▸ **Exercise objective**:
Retype the line with "沉浸式體驗(yàn)人與空間" exactly. Then retype every line after it through the end of the entries below, and nothing more, leaving out pictures.

(Records for this task begins)

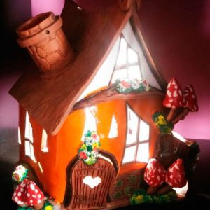 Lampara quemador Ventanas ventanitas es una lámpara de cerámica y quemador que ilumina y aporta un suave aroma a tu hogar.Se puede meter un cono incienso en la chimenea de la casa.
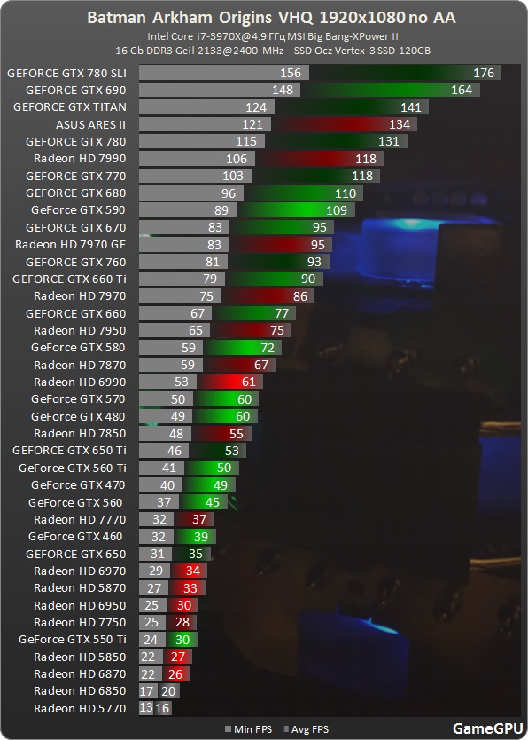 Наши видеокарты тестировались при разрешениях 1920х1080, 2560х1600 и 3840х2160 при максимальных настройках качества графики, допустимых Batman: Arkham Origins. Тесты проводились при различных режимах физики с сглаживания. Многочиповые конфигурации от AMD и NVIDIA показали неплохой прирост в быстродействии. Единственная проблема при работе SLI была обнаружена при максимальных настройках физики, где наблюдалось неравномерное падение производительности. Установка дополнительной видеокарты для ускорения физики решает эту проблему.
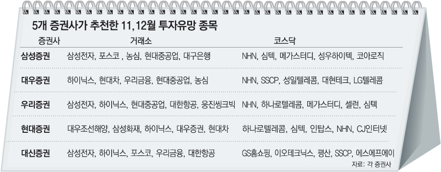 본보는 5개 주요 증권사 투자분석팀으로부터 남은 기간 중 장외 변수에 흔들리지 않을 유망 종목들을 거래소 5개, 코스닥 5개씩 추천받았다.
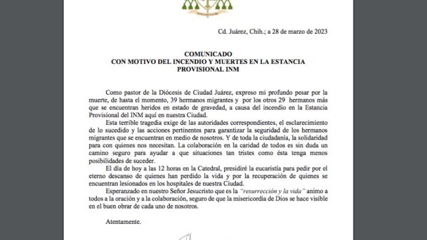 La Diócesis de Ciudad Juárez, Chihuahua lamentó el incendio en donde murieron 39 migrantes y exigió a las autoridades el esclarecimiento de los hechos.
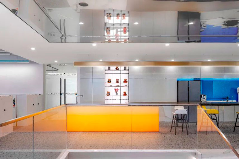 沉浸式體驗(yàn)人與空間交互,茶水區(qū)通過鏡面天花反射,光影在立體空間中流動,超動感空間氛圍就此而生,板塊的不斷更新為它帶來永不停歇的活力,這里是“巨人”的世界。
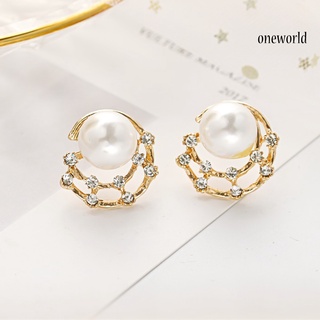 OW@ Fashion Women Rhinestone Faux Pearl Hollow Ear Stud Earrings Jewelry

(Records for this task ends)

▸ **Exercise result**:
 沉浸式體驗(yàn)人與空間交互,茶水區(qū)通過鏡面天花反射,光影在立體空間中流動,超動感空間氛圍就此而生,板塊的不斷更新為它帶來永不停歇的活力,這里是“巨人”的世界。
 OW@ Fashion Women Rhinestone Faux Pearl Hollow Ear Stud Earrings Jewelry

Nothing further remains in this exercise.